2017 Fiscal Year Research-status Report
新規アダプタータンパク質PI3KAPが甲状腺ホルモン産生調節に果たす新しい役割
Project/Area Number |
16K18812
|
Research Institution | The University of Tokyo |
Principal Investigator |
山中 大介 東京大学, 大学院農学生命科学研究科(農学部), 特任助教 (10553266)
|
Project Period (FY) |
2016-04-01 – 2019-03-31
|
Keywords | エンドサイトーシス / サイログロブリン / 甲状腺ホルモン / アクチン結合タンパク質 |
Outline of Annual Research Achievements |
甲状腺ホルモンは、動物の正常な発達・成長・成熟や基礎代謝の維持に必須なホルモンで、甲状腺刺激ホルモン(TSH)とインスリン様成長因子(IGF)が、甲状腺機能の制御、ひいては甲状腺ホルモンの血中濃度の調節に重要な役割を果たしていることが知られてい る。最近申請者らは、TSHとIGFによる甲状腺細胞の相乗的増殖誘導を司る新規クロストーク制御タンパク質としてPI3KAPを同定したが 、PI3KAPをノックアウトしたマウスの解析から、PI3KAPが甲状腺ホルモン産生を調節している可能性が明らかとなった。
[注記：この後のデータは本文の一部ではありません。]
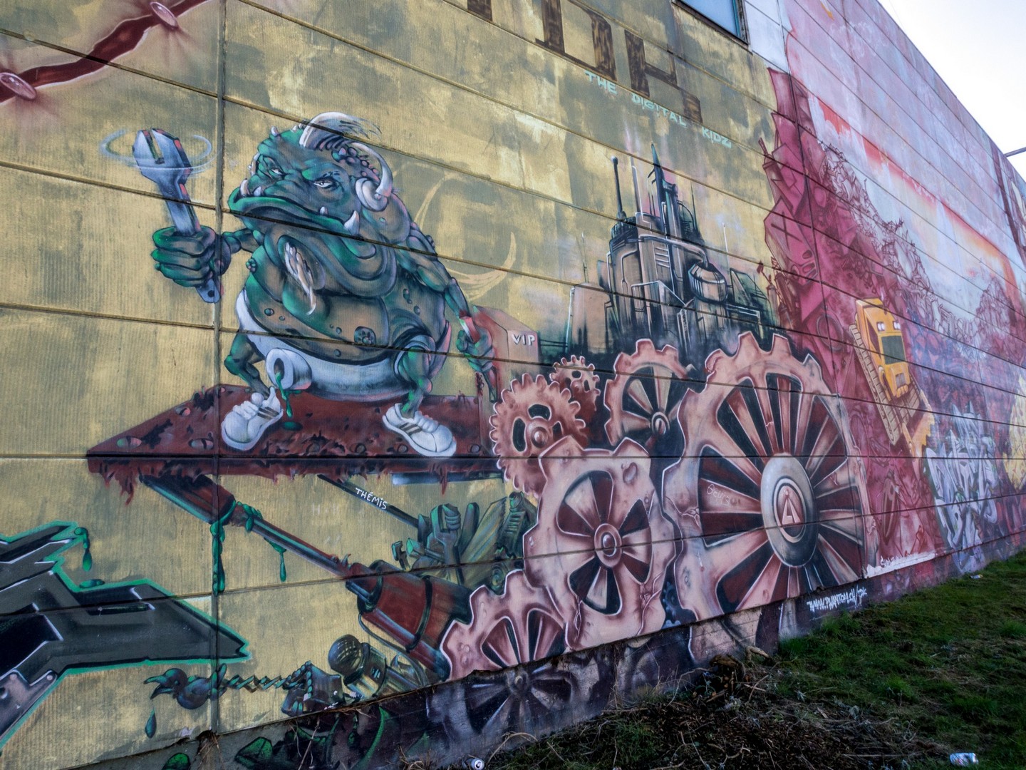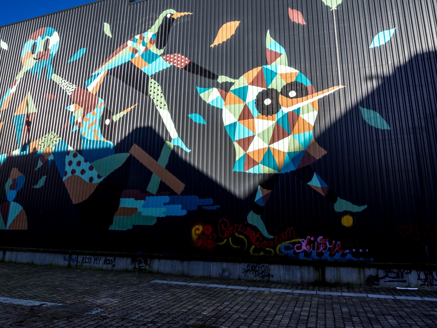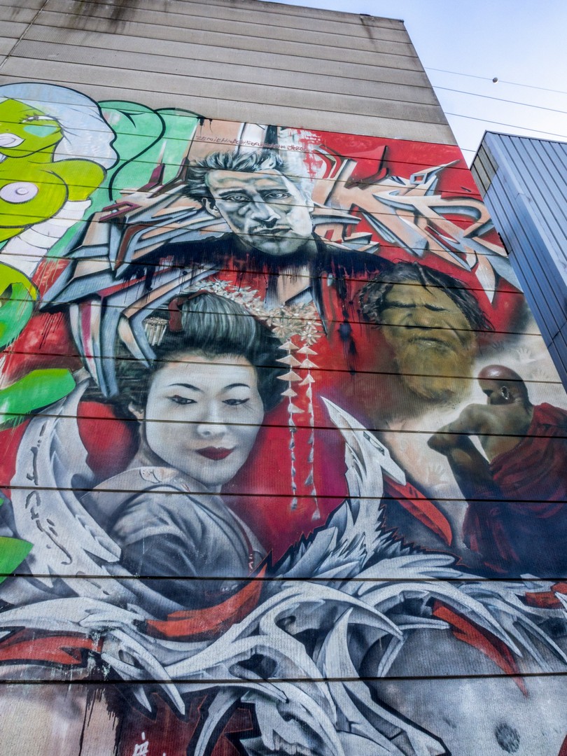 Ce que nous avons de notre côté par contre, ce sont d’immense fresques de street-art. Évidemment t que ce genre de lieux convient parfaitement aux graffeurs et street-artists. Il y a de la place pour s’exprimer, aussi ! Moment people : Matthias Schoenhaerts (oui, oui, l’acteur belge le plus sexy du royaume) y a laissé une trace de son passage sous la forme d’une fresque japonisante ! Cet homme a tous les talents !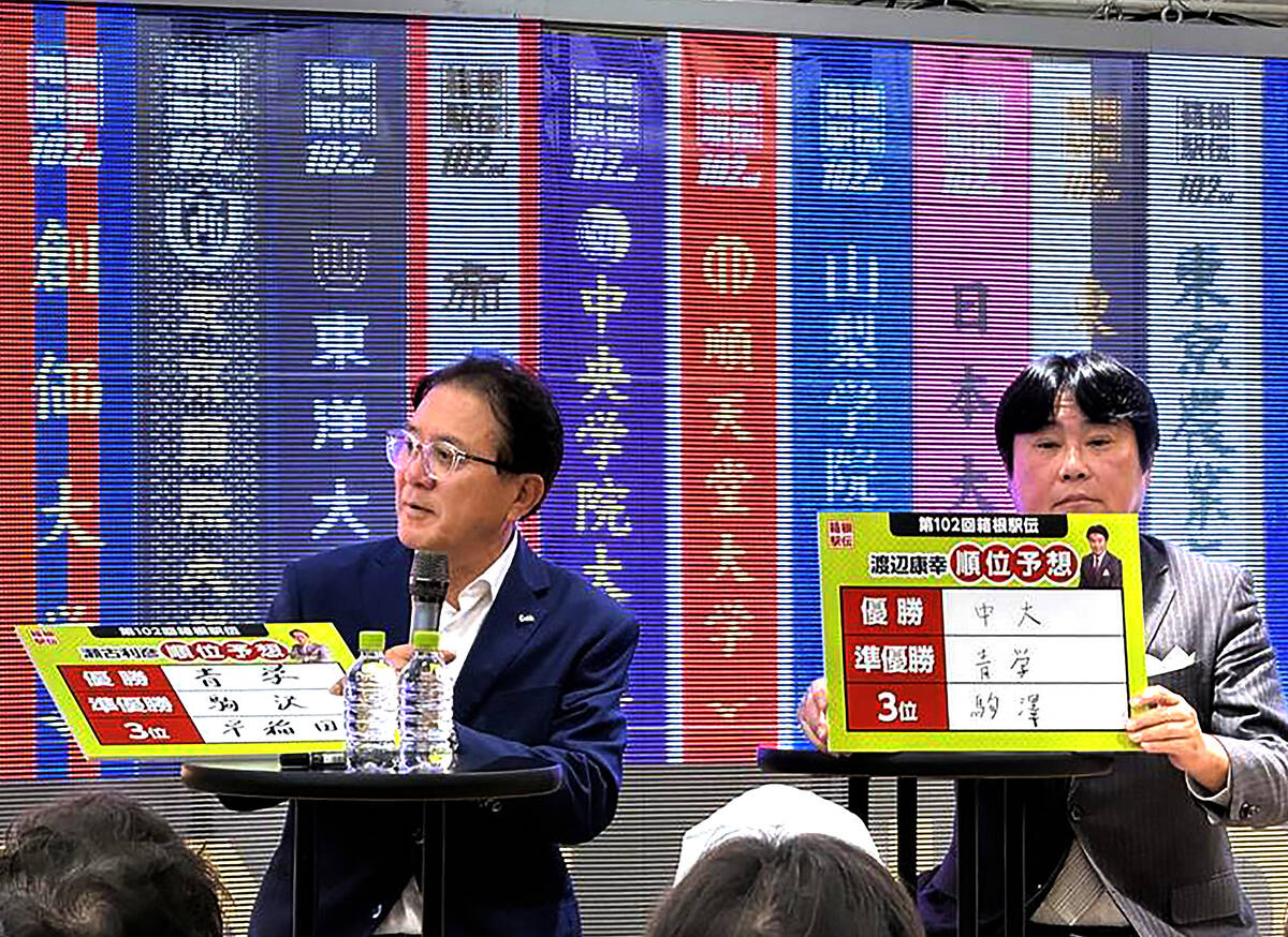 渡辺氏は「中大、青学大、駒大、ただ往路優勝は早大が間違いない」と予想。中大優勝予想に「実は青学大の原晋監督が相当意識している。前に出られたらスピードあるので」と分析。また、「私が大学4年のとき、中大が30年ぶりに優勝した。そして今回勝つとまた30年ぶり。あとは今年全国高校駅伝(都大路)で学法石川が優勝。その監督が私の1個下の中大OBの松田和宏監督なので、巡り合わせがあるのかな」と語った。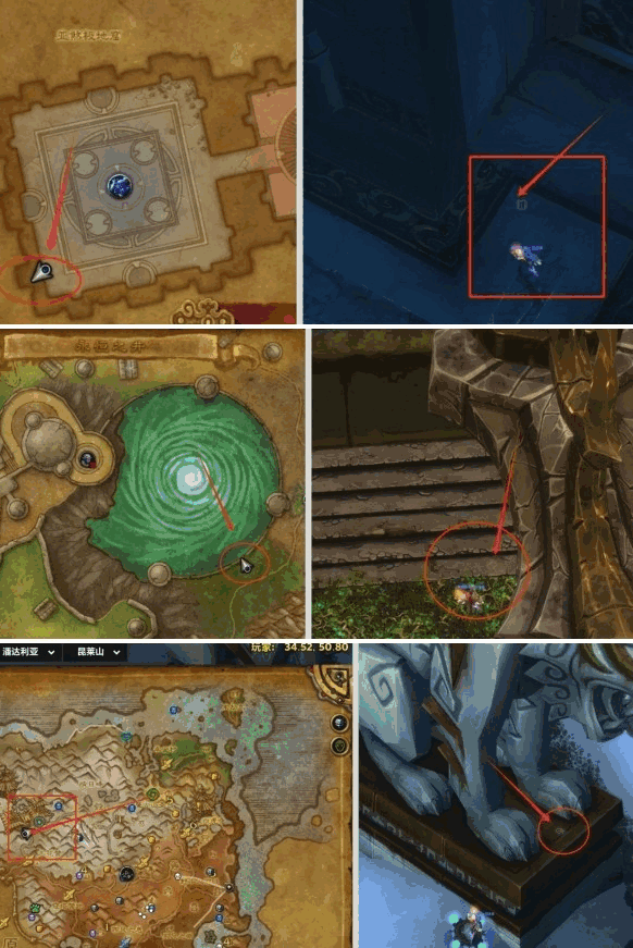 7、来到昆莱山坐标(34.52,50.80)的位置(Location),在左侧的石狮子脚下找菿第七章纸互动。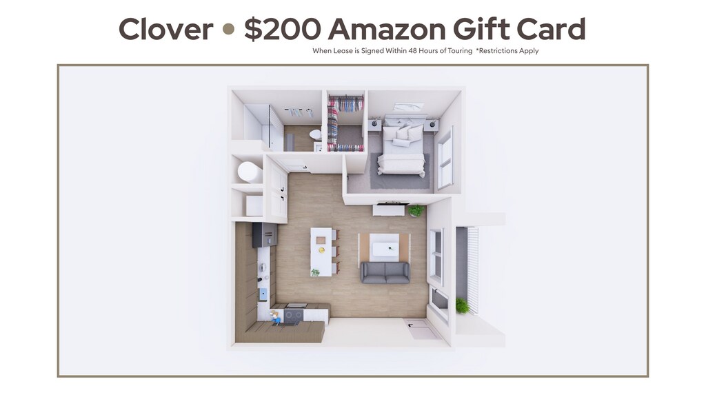 Clover - Floorplan 13 Apartment Unit: 2-204Apartment Model: Clover$1,4251 Bedroom, 1 Bath, 658 sq ftAvailable June 7, 20262 Bedrooms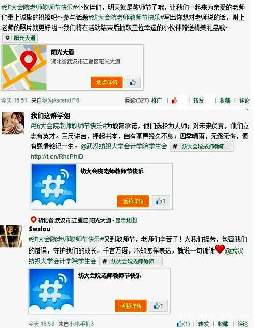 在第30个教师节来临之际,yl23455永利官网分团委通过官方微博发起话题#纺大老师教师节快乐#,号召全院同学发微博向老师们表达节日的祝福。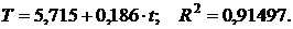 рассчитаем параметры линейного тренда, используя уровни (Т+Е). Уравнение тренда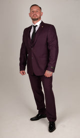• Mens 3 Piece Smart Formal Occasional Suit Finished in Deep Purple Colour.

そこで本研究 では、PI3KAPによる甲状腺ホルモン産生の新しい調節機構を解明することを目的としている。甲状腺ホルモン産生に必須なステップのひとつとして、ホルモン前駆体であるサイログロブリンが甲状腺濾胞細胞に再吸収(エンドサ イトーシス)されるステップを挙げることができる。ノックアウトマウスを用いた解析などにより、PI3KAPがこのステップに関与する ことが示唆されたことから、PI3KAPのエンドサイトーシス経路における役割と、その分子機構の解析を進めている。 まず、PI3KAPを強制発現のエンドサイトーシスへの影響やエンドサイトーシス調節の分子機構解析に用いるため、FLAGタグを付加した甲状腺培養細胞株(FRTL-5細胞)の樹立を試みた。FLAG-PI3KAPを細胞に遺伝子導入した後、薬剤耐性によりクローンを選抜した結果、内在性PI3KAPと同レベルのFLAG-PI3KAPを発現する細胞株が得られた。現在、この細胞株を使って、エンドサイトーシスへの影響を解析している。 また、エンドサイトーシスの分子機構解析のため、樹立したFLAG-PI3KAP発現細胞を用いてPI3KAP結合タンパク質を探索したところ、モータータンパク質や細胞骨格タンパク質などいくつかの候補タンパク質が得られた。
|
Current Status of Research Progress |
Current Status of Research Progress
3: Progress in research has been slightly delayed.
Reason
FLAG-タグを付加したPI3KAPの過剰発現細胞株は取得でき、現在これを用いた解析を進めている。PI3KAPノックアウトマウスの甲状腺から採取した初代培養甲状腺細胞を用いた解析が遅れており、安定した結果を出せるよう種々の条件検討を進めて行く。
|
Strategy for Future Research Activity |
初代培養甲状腺細胞を用いた実験系を確立し、これを用いてPI3KAPを介したエンドサイトーシス制御のメカニズム解析を進める。具体的には、PI3KAPノックアウトマウスの甲状腺細胞ではサイログロブリンのエンドサイトーシスが低下することを確認した後、PI3KAPの種々の欠損変異体を導入してレスキュー実験を行い、エンドサイトーシス制御に重要なドメインを特定する。また、本年度明らかにしたPI3KAP結合タンパク質との関連についても結合部位の同定や、PI3KAPへの分子修飾との関連などの観点から解析を進めて行く。最終的には、重要なドメインを欠損したPI3KAPフラグメントを甲状腺細胞に発現させるとエンドサイトーシスが十分に誘導されないことを示し、トランスジェニックマウスの作成を通じてこの機構が甲状腺ホルモン産生に重要であることを示すことを目指す。
|
Causes of Carryover |
研究代表者が、知の集積と活用の場による研究開発モデル事業の一課題である「アミノ酸の代謝制御性シグナルを利用した高品質食肉の研究開発とそのグローバル展開」に参加することとなり、この事業を並行して推進する必要性が出て来たため、本研究計画にやや遅れが生じている。そのため、研究計画を延長し予算の一部を次年度に使用して研究を遂行することとした。次年度の研究費は主に細胞培養試薬などの消耗品に使用する予定である。